Мало того, в конце августа Володя написал матери, чтобы та разрешила ему остаться у тёти Лизы хотя бы на этот год. Поначалу мать рассердилась, но когда Елизавета Валентиновна переговорила с нею по телефону, оттаяла и прислала по почте документы для школы и необходимые вещи.
Учился смышлёный парнишка неплохо, в основном на четвёрки и пятёрки.
В июне следующего года приехали Володина мама и отчим, приятный на вид и, как потом выяснилось, добрый незлобливый человек. Забрав мальчика, они втроём отправились отдыхать на Чёрное море.
Первое время Володя писал Елизавете Валентиновне часто. Сообщал о том, что тоскует, особенно по рыбалке. Что всё ещё мечтает поймать на удочку леща килограмма этак на полтора. Даже обещал в ближайшее время навестить столь полюбившихся ему тётю Лизу и дядю Диму. Потом писем стало приходить всё меньше и меньше. И, наконец, её почтовый ящик окончательно опустел. Что сталось с Володей впоследствии, она до сих пор не знает.

Накинув лёгкий плащик, Елизавета Валентиновна вышла на улицу. Несмотря на первую декаду октября, в природе было комфортно. По-летнему тёплый ветер тут же подхватил её белокурые локоны и, как неуёмный котёнок, стал играть с ними. Вспомнив, что одна из немногих подруг сегодня тоже планировала поход в аптеку, она набрала её номер на мобильном. «Ну что ж... генеральная так генеральная... - выслушав ответ, спокойно произнесла Елизавета Валентиновна в трубку. А про себя подумала: - Такие уборки обязательно нужно делать. И не только в квартире. Любая душа порою также требует избавления от накопившейся в ней пыли и грязи». - Захлопнув створки аппарата, она аккуратно положила его в сумочку.
Её путь пролегал мимо озера, на берегу которого широкой подковой и раскинулся их районный центр, немного не дотягивающий по числу жителей до города.
По умытому хрустальной свежестью небу мчались причудливые и постоянно меняющие форму груды пушистых облаков.
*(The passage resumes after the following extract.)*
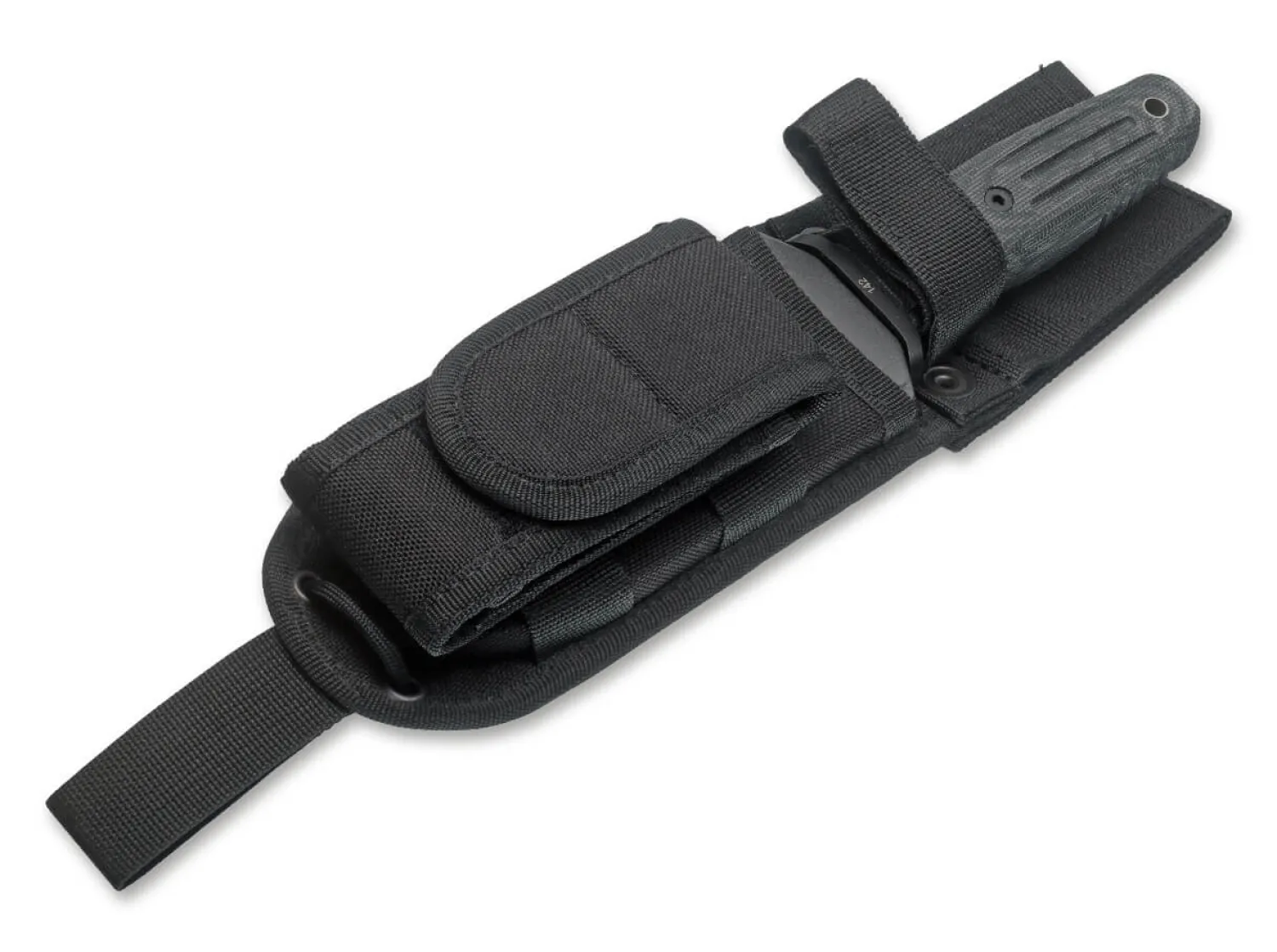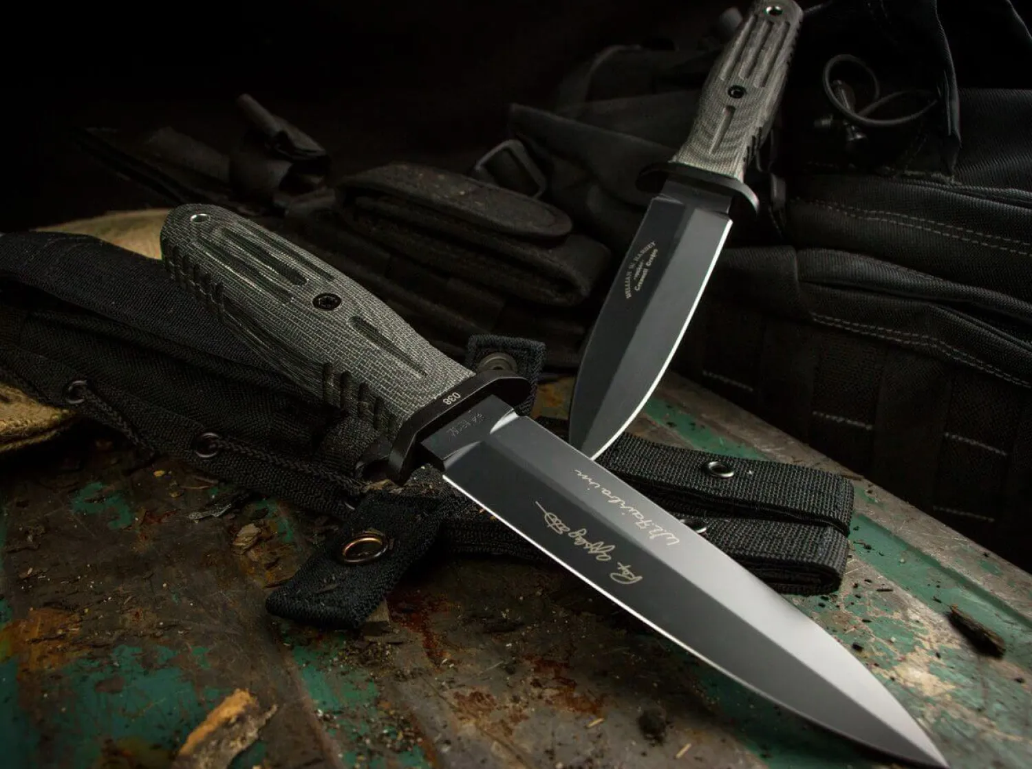 In der ganzen Vielfalt der Kampfmesser sind komplett geschwärzte Versionen quasi ein Muss. Nicht nur für militärische Operationen, sondern auch wegen der besonderen Ausstrahlung eines solchen Dolches und wegen des zusätzlichen Korrosionsschutzes, den die Beschichtung gewährleistet, sind die schwarz gehaltenen Versionen überaus populär. Und so war es quasi unsere Pflicht, auch die überarbeiteten Modelle A-F 4.5 und A-F 5.5 in einer solchen Variante aufzunehmen. Kaum ein anderer Messermacher hat das Feld der taktischen Einsatzmesser so sehr geprägt wie William H. „Bill“ Harsey, seine Entwürfe haben ihm einen ausgezeichneten Ruf in der Messerwelt eingebracht. Die von ihm entworfene Modifikation des legendären Böker Applegate-Fairbairn verbindet das von vielen Eliteeinheiten im Einsatz genutze Messer mit modernen Elementen. Die größere Klingenbreite und die günstigere Geometrie der beidseitig geschliffenen Klinge aus N690 mit schwarzer PVD-Beschichtung verbessern die Schneideigenschaften, während die Klingenlänge einen optimalen Kompromiss aus Führigkeit und Nutzwert bietet. Der am Griffende hervorstehende Klingenerl kann unter anderem als Glasbrecher eingesetzt werden. Die CNC-gefrästen Griffschalen aus schwarzem Micarta sind äußerst belastbar, angenehm strukturiert und bieten selbst bei Feuchtigkeit hervorragenden Grip. Lieferung mit hochwertiger schwarzer Nylonscheide von SpecOps.

Ей по-детски захотелось сесть на одно из них, вот на то, похожее на парусник, и плыть, плыть вдаль, с наслаждением созерцая расшитую багряно-золотыми нитями землю. А ещё неплохо бы с разбегу нырнуть вон в ту горку кипейной ваты. Так, как она когда-то деревенской девчонкой-непоседой с упоением ныряла в душистые копны зелёного сена.
С шумом вдохнув освежающе-пряный воздух, Елизавета Валентиновна заставила себя спуститься с небес на асфальтовую дорожку, ведущую прямо к больнице. На дорожке ничего примечательного не наблюдалось, кроме горстки сморщенных ольховых листьев. В них уже не было жизненных соков. «Наверное, оно и к лучшему, - задумчиво рассудила женщина, - хоть берёзы, осины, клёны и умирают медленной смертью, и даже в удивительной красе, но мы ведь не знаем, что они чувствуют при этом. Может быть, жизнь из них уходит в неимоверных муках. А тут раз - и нет тебя. И высох сразу».
- Господи, что же это растащило меня на такую печальную тему? - с неудовольствием к самой себе произнесла она вслух. Чтобы отвлечься от неподобающих мыслей, она взглянула на узенькую ленточку незаасфальтированного берега. Вон как тонко вьются серебристые паутинки, привязанные расторопным пауком к высохшим былинкам, под которыми пробивается из тёплой земли молодая травка. А как приветливо здоровается с нею камыш, растущий у большого, покрытого вековым мхом валуна и уже сменивший зелёный плащик на коричневый. Боже мой, оказывается, как задорно и оптимистично радуется жизни вот тот клочок сочной отавы, что расположился рядом с мёртвой серостью асфальта. Словно волшебник взял да и рассыпал здесь всем на радость первосортные изумруды.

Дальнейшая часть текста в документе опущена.